MOM.Occ.n <- function(m, k) {
  FF     <- function(n) { log(n) - log(k) + VGAM::log1mexp(-m*log(1-1/n)) }
  UPPER  <- m*k/(m-k)
  n.real <- uniroot(f = FF, lower = k, upper = UPPER)$root
  round(n.real, 0) }

MOM.Occ.n(m = 1000, k = 649)
[1] 1066

Answer 2

I think your likelihood expression has reversed $x=R$ and $m=M$ in $S_2(x,m)$ but no matter - this is a constant with respect to $N$ and so can be ignored. What you want is the integer $N$ which maximises $\frac{N!}{N^M \; (N-R)!}$. So you want the largest $N$ where $\frac{N!}{N^M \; (N-R)!} \ge \frac{(N-1)!}{(N-1)^M \; (N-1-R)!} $, i.e. where $N\left(\frac{N-1}{N}\right)^M\ge N-R$, though I doubt this has a simple closed form for $N$.
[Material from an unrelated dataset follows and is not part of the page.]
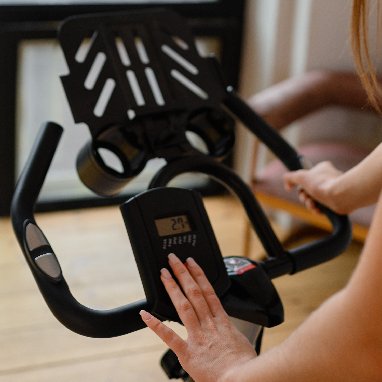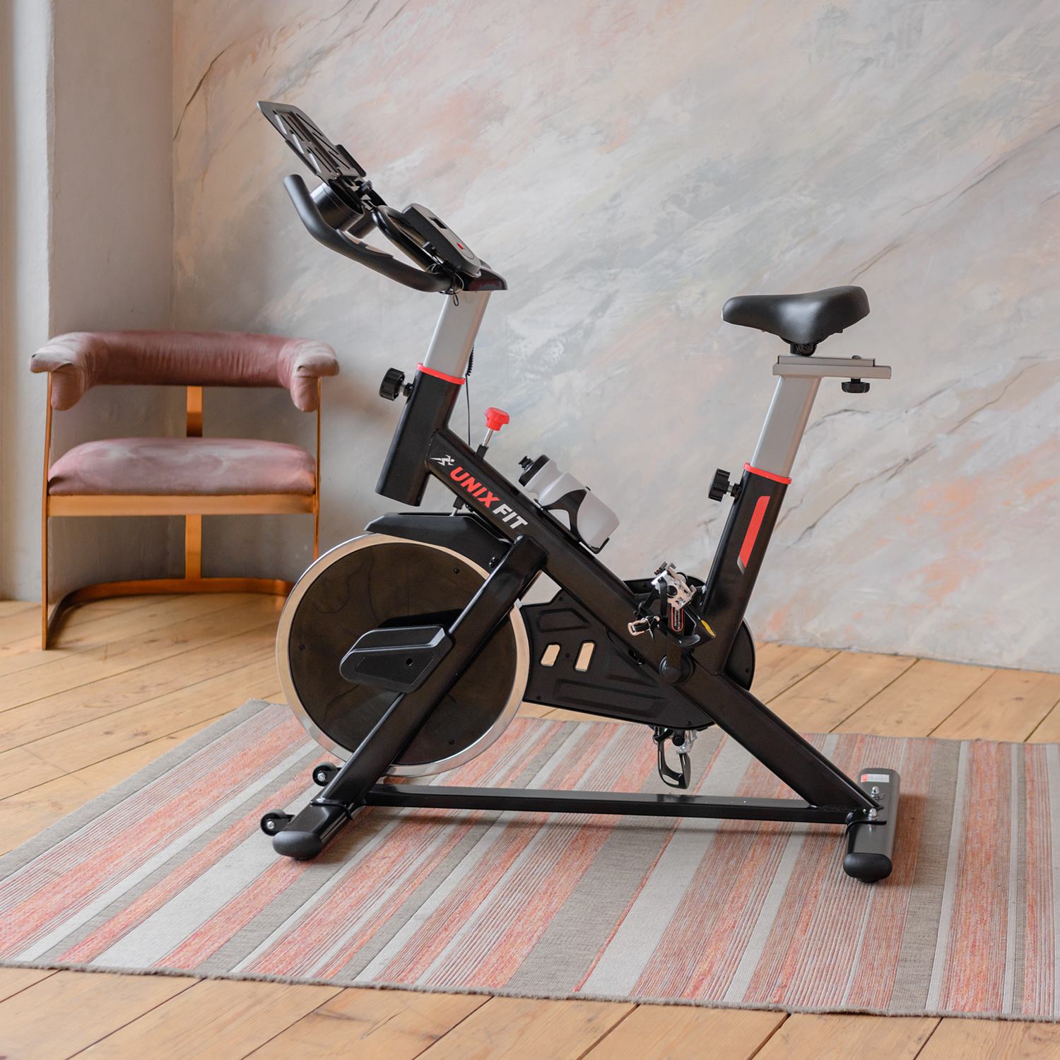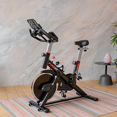 Спин-байк оснащен консолью с LCD-дисплеем, который отображает показатели времени, дистанции, пульса, калорий и скорости. Таким образом, пользователям будет легко получить максимум эффективности от тренировки. В комплекте специальная подставка под планшет или смартфон и пару держателей под бутылочку с водой.

Another possible approach using a method of moments might be to consider a particular ball so the probability it is never selected is $\left(\frac{N-1}{N}\right)^M$, and the expected number of balls never selected is $N\left(\frac{N-1}{N}\right)^M$ and the expected number selected at least once is $N - N\left(\frac{N-1}{N}\right)^M$, If you see $R$ distinct balls from $M$ attempts then you could try to solve $R= N - N\left(\frac{N-1}{N}\right)^M$ for $N$. This is essentially the same equation as the likelihood approach, though without the rounding down.

Solving this would not be easy, but in some cases you could use the approximation $\left(\frac{N-1}{N}\right)^M \approx e^{-M/N}$ in which case you might consider $$\hat N\approx \dfrac{M}{\frac{M}{R}+ W\left(-\frac MRe^{-M/R}\right)}$$ where $W$ is the Lambert W function. (When $M \gg R$ the denominator is almost $\frac MR$ so $\hat N$ is very slightly more than $R$, as one might expect.)

As an illustration, if $M=100$ and $R=50$ then direct calculation would eventually give you $\hat N \approx 62.41$ while the suggested approximation could give you $\hat N\approx 62.75$. The likelihood approach would say $\hat N \le 62.41$ so round this down to $\hat N =62$.

Answer 3

I think you would need another constraint. As described, it would only be possible to estimate a lower bound on the number. There could be any number of balls.

I think you needed to specify that each ball in the bag has a unique number.